CSU Herbarium registered with prestigious New York Botanical Garden

  • Wednesday, July 31, 2013

CSU biology instructor and herbarium curator Kevin Jones. PHOTO PROVIDED

The Charleston Southern University Herbarium has been accepted for registry with the New York Botanical Garden – one of the world’s most prestigious.
Dr. Melinda Walker, chair of the biology department, said the CSU Herbarium was accepted with just 1,000 samples (instead of the usual 5,000) because of the quality of samples, speed with which the samples were selected and the historical significance of the herbarium.
"Consider how many, many institutions there are in the world that have a botany component,” she said. “Only 3,400 herbariums exist worldwide – we are one of them.”
The CSU Herbarium has a goal of collecting and documenting all plant species in this specific place in South Carolina.
“CSU is the site of a historical plantation, and we are surrounded by plantations from the founding of our country,” Walker said. “Not many universities have such a richly historical environment from which to benefit.
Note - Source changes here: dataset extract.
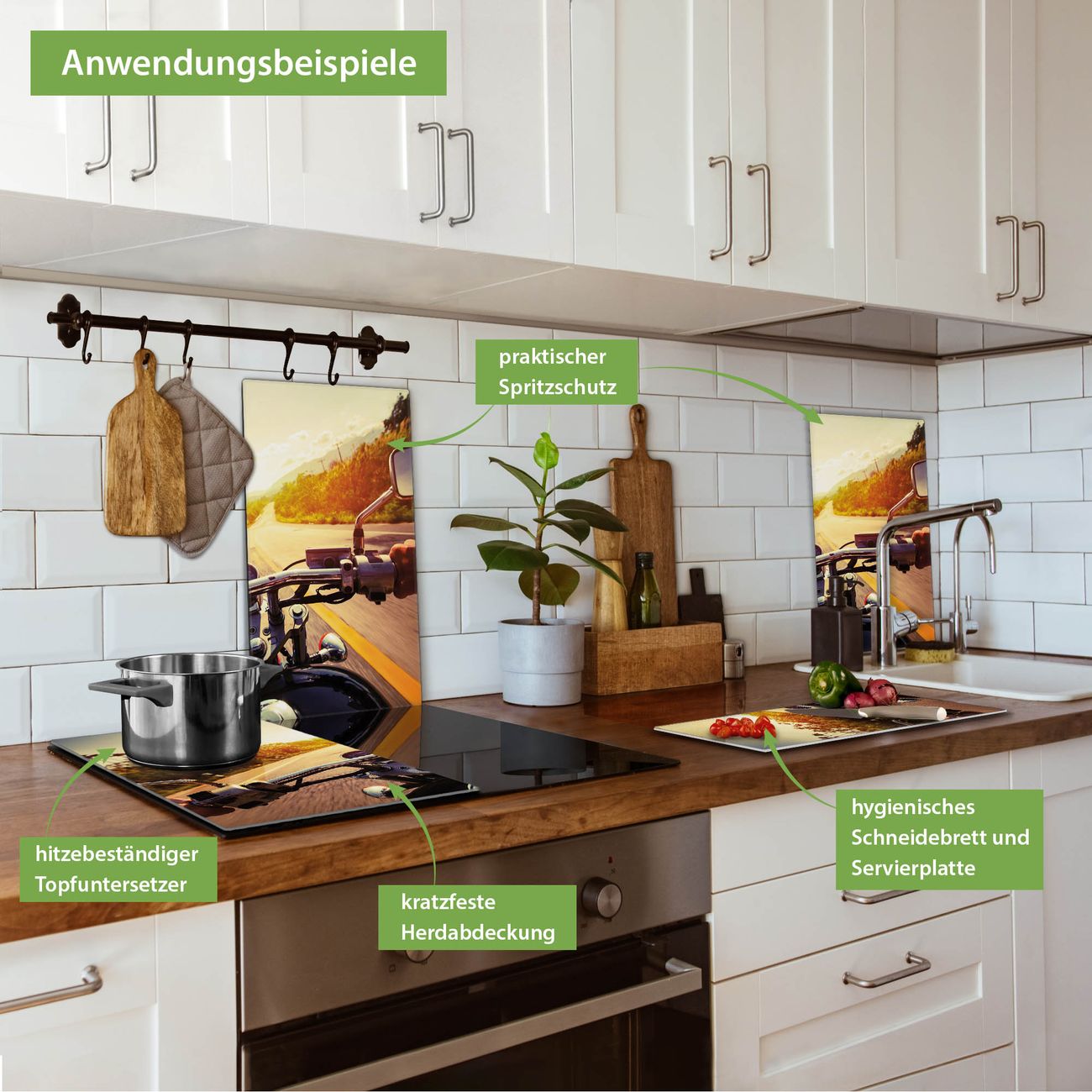 VIELSEITIG: Die Ceranfeldabdeckung ist vielseitig einsetzbar: ob als Spritzschutz hinter dem Herd für Ihre Küche oder als Glas Schneidebrett als hygienische und geruchsneutrale Unterlage. Sie können ebenfalls heiße Töpfe und Pfannen bis 100°C auf der Herdplattenabdeckung abstellen. Sie erhalten ein Multitalent für Ihre Küche. Die banjado Herdabdeckplatte aus Glas mit Motiv Easy Rider verdeckt mit einem schönen Motiv Ihr Ceranfeld bzw. Ihren Induktionsherd. Die Herdabdeckplatte ist vielseitig einsetzbar und passt sich dabei Ihrem Einrichtungsstil an. DESIGN: Die Herdabdeckung Easy Rider besteht aus hochwertigem, gehärtetem Glas mit einem unserer zahlreichen Motive. Sie haben die Wahl zwischen verschiedenen Maßen von einteiligen, zweiteiligen und einer dreiteiligen Herdabdeckung. Wählen Sie was zu Ihrer Einrichtung passt! DETAILS: Die Herdabdeckplatte ist vielseitig einsetzbar. Die Ecken sind für mehr Sicherheit dezent abgerundet, das Glas ist gehärtet. Sie erhalten separate Gummi Abstandshalter, damit Ihre Abdeckung rutschfest auf dem Herd steht. Diese können Sie frei positionieren, sodass die Herdabdeckung perfekt auf Ihrem Ceranfeld sitzt. BANJADO: Wir sind ein kleines Team aus dem Herzen von Sachsen und fertigen jeden Artikel nach Bestellung eigens für Sie an. Sie erhalten also keine preiswerte Importware, sondern Handarbeit. Auf Wunsch sind auch andere Farben und Größen möglich, kontakierten Sie uns gern.

Keeping up with, and documenting, plant specimens over time means that in the future, studies can be made to see if there are changes in the local flora, negatively or positively.
“Comparisons can be made to similar areas in other places of the world and questions asked as to why this area is or is not like that area.”
Kevin Jones, biology instructor, is the curator of the CSU Herbarium. Jones uses the herbarium extensively in the Plant Taxonomy class.
“With Kevin’s research students it has formed the basis of all the projects done since the summer of 2012,” Walker said. “Actually, if it were not for the work of students involved, the herbarium would not exist.”
To date, 12 students have been involved in this work, including Adrianna Fiscella’s research project. Fiscella coauthored a paper on the Hobcaw Barony research project.
“When articles are written for publication, the voucher specimens collected for that study are maintained in a recognized herbarium for reference in the future,” Walker said. “Now any studies we do of that nature, such as the study Kevin Jones did last summer at Hobcaw Barony, can be maintained here on campus.”
If CSU did not have the Herbarium, those specimens would have to be deposited in another university’s herbarium.
The CSU Herbarium is located in Jones’s office in the Science Building, which is specifically designed to hold the herbarium in a safe location that also provides enough room for those interested to be able to view the specimens.